Leaf gas exchange measurement for steady-state stomatal conductance model calibration

This dataset supports a methodological investigation into leaf gas exchange measurement protocols for calibrating steady-state stomatal conductance models. The repository contains 24 data files comprising both field measurements and 3D biophysical model simulations. Field measurements include steady-state gas exchange data collected with a LICOR LI-6800 infrared gas analyzer (IRGA) and non-steady-state survey measurements collected with a LICOR LI-600 leaf porometer across three plant species: cowpea (Vigna unguiculata), eastern redbud (Cercis canadensis), and walnut (Juglans regia). Measured variables include stomatal conductance, photosynthetic rate, transpiration, leaf temperature, vapor pressure deficit, and photosynthetic photon flux density under varying light intensities and environmental conditions. Complementary simulated data were generated using leaf-resolving biophysical models to quantify measurement discrepancies across different stomatal time constants (τ = 900-9000s), spatial sampling strategies (single leaves vs. canopy surveys), and temporal protocols (diurnal cycles, steady-state vs. non-steady-state measurements). The dataset includes light response curves, vapor pressure deficit response curves, diurnal simulations, and statistical power analyses examining sample size requirements for parameter recovery.
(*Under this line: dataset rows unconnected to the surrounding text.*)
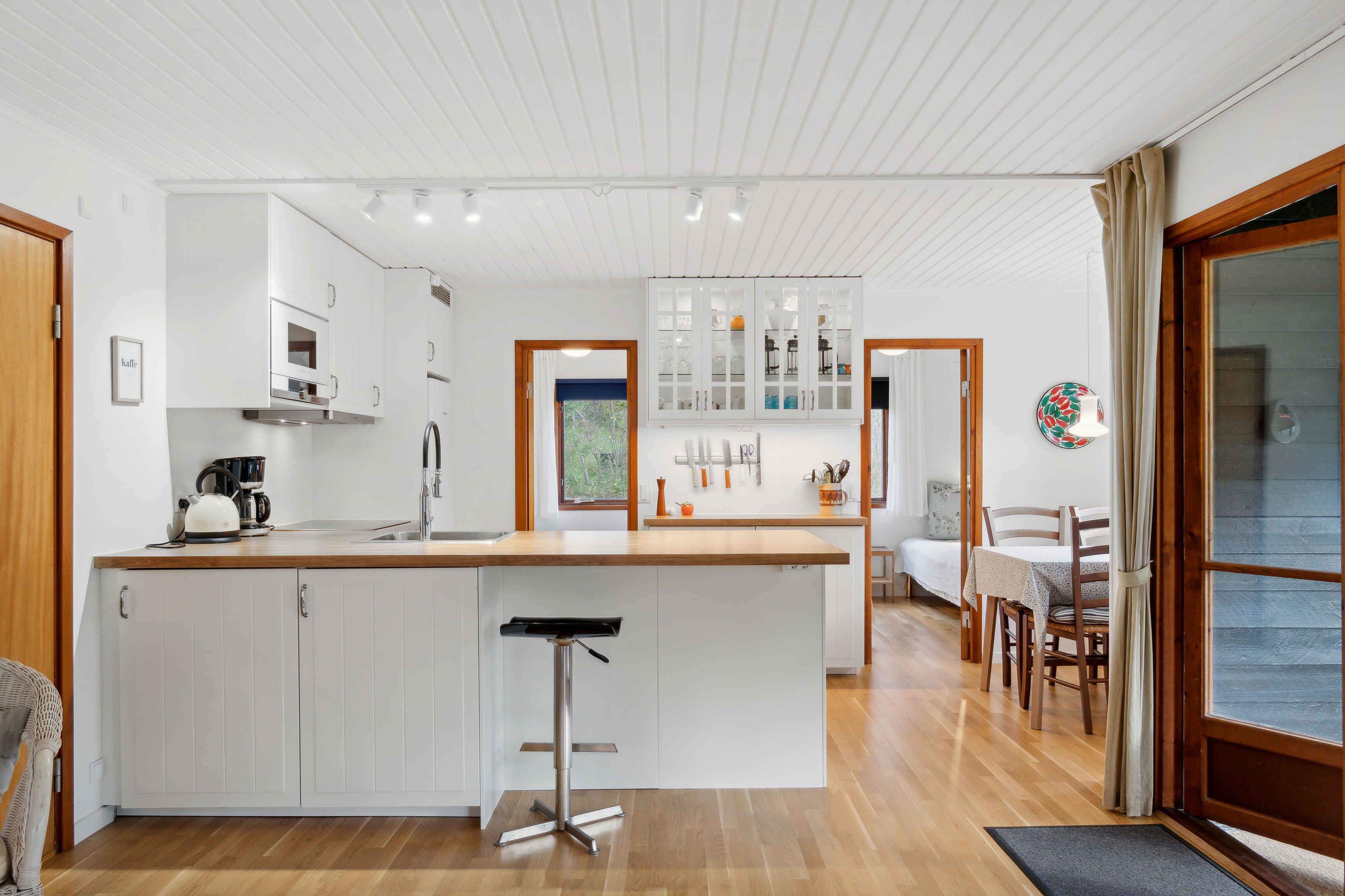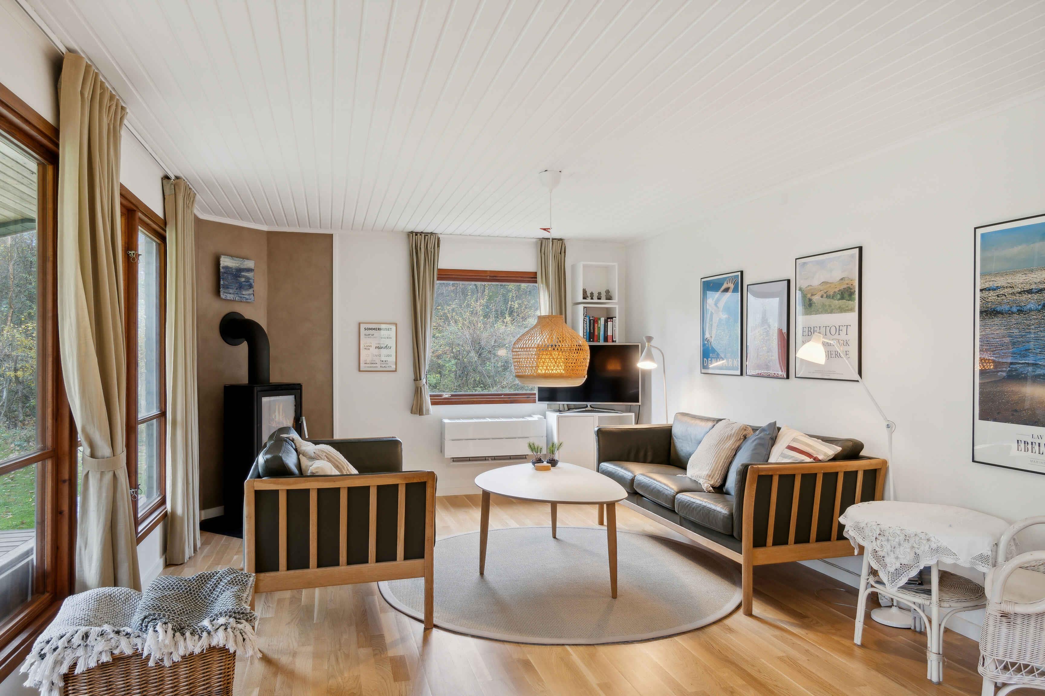 Dette charmerende sommerhus byder på en uforstyrret ferieoplevelse i naturskønne omgivelser nær Ebeltoft. Her kan I nyde en rolig atmosfære, ideel for familier, der søger afslapning og fællesskab. Sommerhuset rummer tre soveværelser og har plads til seks gæster, hvilket gør det perfekt til en familie eller et lille selskab. Med et rummeligt køkken-alrum, brændeovn og et lille ekstra rum med skrivebord kan alle finde deres plads i huset. Udendørs venter en stor grund omgivet af træer, som skaber privatliv og mulighed for afslappede dage med aktiviteter og hygge i naturen. I har stranden tæt på, kun 300 skridt væk. Ebeltofts hyggelige bymidte er fem minutters kørsel fra huset og byder på butikker, restauranter og kultur. Her finder I både seværdigheder som Fregatten Jylland og Glasmuseet, og en smuk, historisk bydel. Bemærk, huset udlejes ikke til ungdomsgrupper. Obs, udlejes ikke til erhversmæssigt brug.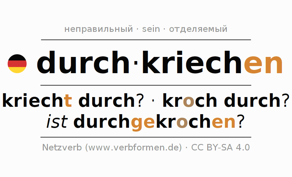 Примеры использования спряжения глаголов в durchkriechen. При этом речь идёт о реальных предложениях и о предложениях из проекта Tatoeba. Для каждой спряженной формы будет отображаться пример с таким предложением. Глагольная форма будет при этом выделена. Если имеется несколько предложений, будет случайным образом выбран пример с немецким глаголом durch-kriechen (ist). Чтобы понимать спряжение не только в примерах, но и в обучении, доступны листы с глаголом durchkriechen.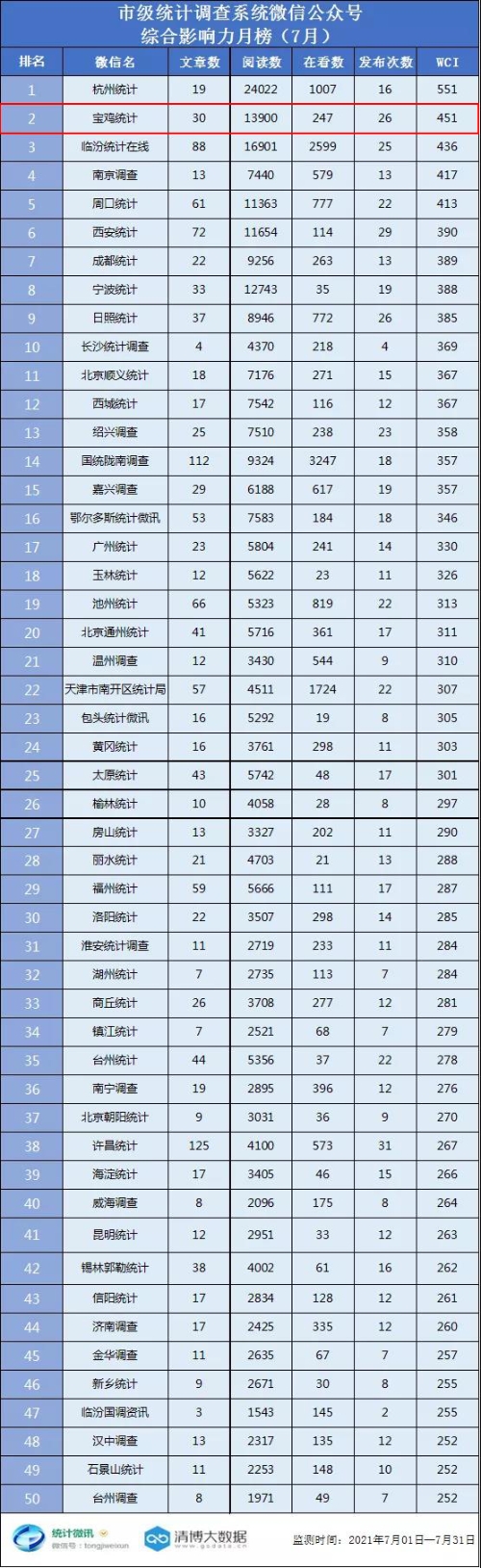 近日,国家统计局公布了2021年7月份全国统计调查系统微信公众号综合影响力月度排行榜,宝鸡统计微信公众号获得市级排名全国第二,综合排名全国第十九的佳绩。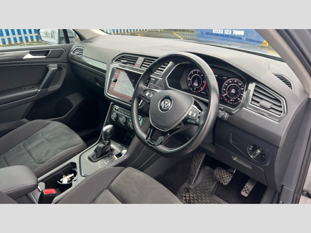 Volkswagen Tiguan 2.0 TDi 150 SEL 5dr DSG Active information display, Adaptive cruise control, App-Connect, Bluetooth phone integration system, Distance control assist, Instrument cluster, Lane assist, Low washer fluid warning light, Outside temperature display, Service interval indicator, Speed limiter, Warning lights, Diesel particulate filter, XDS electronic differential lock, 2x USB sockets in front, Aux-in socket, DAB Digital radio, SD card slot, Auto dimming interior mirror, Automatic activation of hazard warning lights, Black door protector with chrome inserts, Body colour door handles, Body colour door mirrors, Body coloured bumpers, Chrome side body trim, Chrome side window surrounds, Chrome trimmed radiator grille, Coming/leaving home lighting function, Dusk sensor + auto driving lights, Electric folding door mirrors, Electric heated + adjustable door mirrors, Electric panoramic sunroof with sunblind, Front and rear electric windows, Heated rear window, LED headlights with dynamic light assist daytime running lights and cornering front fog lights, LED rear lights, Rain sensor windscreen wipers, Rear windscreen washer and wiper with interval delay, Silver rear diffuser trim, Silver roof rails, Silver under body guard, Tinted windows (B pillar backwards), Windscreen wipers/ intermittent wipe + 4 position delay, 12V Accessory socket in centre console, 3 rear headrests, 3 zone climate control, 4 load lashing points, 40:20:40 split folding rear seats, Bag hook in luggage compartment, Driver + front passenger lumbar support, Foldable passenger seatback, Front + rear carpet mats, Front centre armrest with 12v socket, Front centre armrest with storage + rear 2 air vents + cupholders, Front seatback folding tables, Height/reach adjust steering wheel, Illuminated driver/passenger vanity mirrors, Illuminated scuff plates, Interior light with delay, Isofix Preparation 2 Rear child seats, Leather gear knob, Load through provision with 2 cupholders when folded, Lockable cooled glovebox, Luggage compartment lighting, Luggage compartment side storage, Map pockets on front seats, Passenger seat height adjuster, Passenger underseat drawer, Rear cupholders, Removable luggage cover, Sliding/reclining rear seats, Storage compartment in driver's door, Storage compartment in passenger's door, Storage tray on dashboard, Sunglasses storage, Variable boot floor, Ambient lighting pack - Tiguan, 3 rear 3 point seatbelts, ABS+EBD+Brake assist, Active bonnet, Active pedestrian safety system, Curtain airbags, Driver/Front Passenger airbags, Driver/Passenger whiplash optimised head restraints, Drivers knee airbag, DTC - Drag torque control, Electronic parking brake with auto hold, ESP with EDL + ASR, First aid kit, Front assist including city emergency braking, Front side airbags, Head airbag system, Height adjustable front 3 point seatbelts + pretensioners, Hill hold control, Passenger airbag deactivate switch, Passenger knee airbag, Pre crash system, Rear side airbags, Seatbelt warning lamp and buzzer, Two tone horn, Warning triangle, Alarm with interior protection, Electronic engine immobiliser, Remote central locking with 2 remote folding keys, Chrome door trim inserts, Piano black interior trim, Steel space saver spare wheel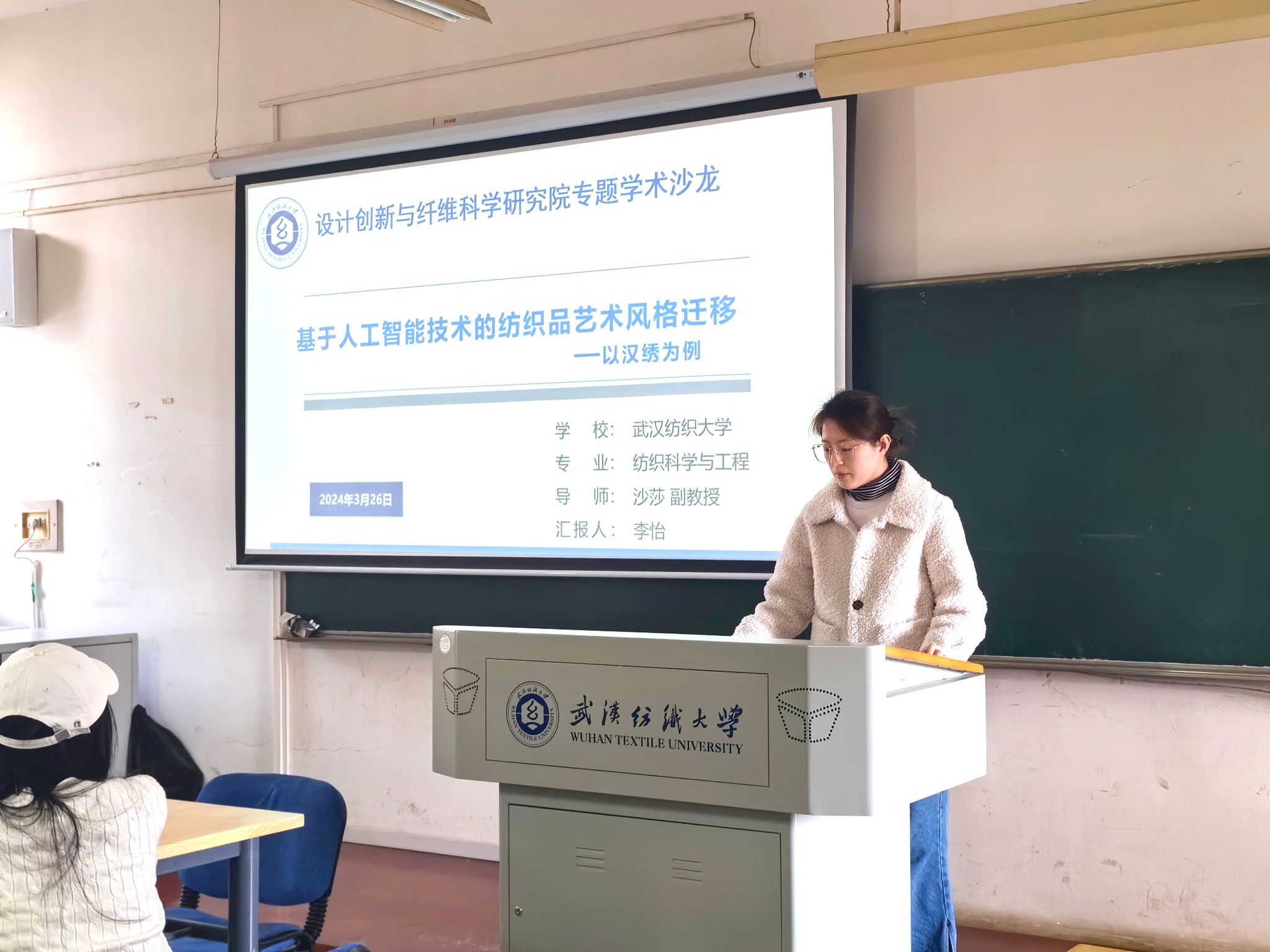 3月26日下午,国产精品久免费的黄网站在综合楼601教室举办了2024年第一期研究生学术论坛。本次论坛由2021级研究生李怡以《基于人工智能技术的纺织品艺术风格迁移——以汉绣为例》为题进行学术成果汇报。
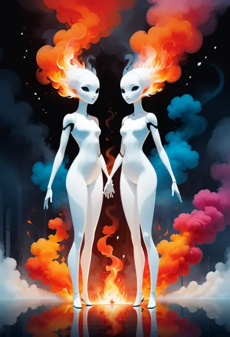 Dual Figures and Symmetry: This LoRA excels in generating symmetrical compositions, often featuring paired alien figures, which evokes a sense of balance and harmony in each piece.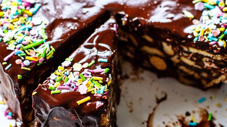 It's clear from Queen Elizabeth II's love for Darren McGrady's ice cream bombe that she had a sweet tooth. Which makes it worth wondering what other treats the monarch liked to indulge in, when the sugar cravings came calling. As previously noted, she was also a fan of the royal chef's coffee-spiked chocolate mousse, but the dessert that is widely considered her favorite (or at the very least, her favorite cake) was even more simple. We're referring here to chocolate biscuit cake: Actually more like a slice, made from crunchy cookie pieces folded through a base of butter, sugar, and melted dark chocolate, chilled, and then topped with chocolate ganache for good measure.

These data quantify leaf-to-leaf physiological variability (>3-fold under identical conditions), systematic errors introduced by stomatal kinetics in parameter calibration, and instrument-specific trade-offs between IRGAs and porometers. This dataset provides essential benchmarks for developing efficient gas exchange measurement protocols and assessing the reliability of stomatal model parameter estimates in crop and land surface modeling applications.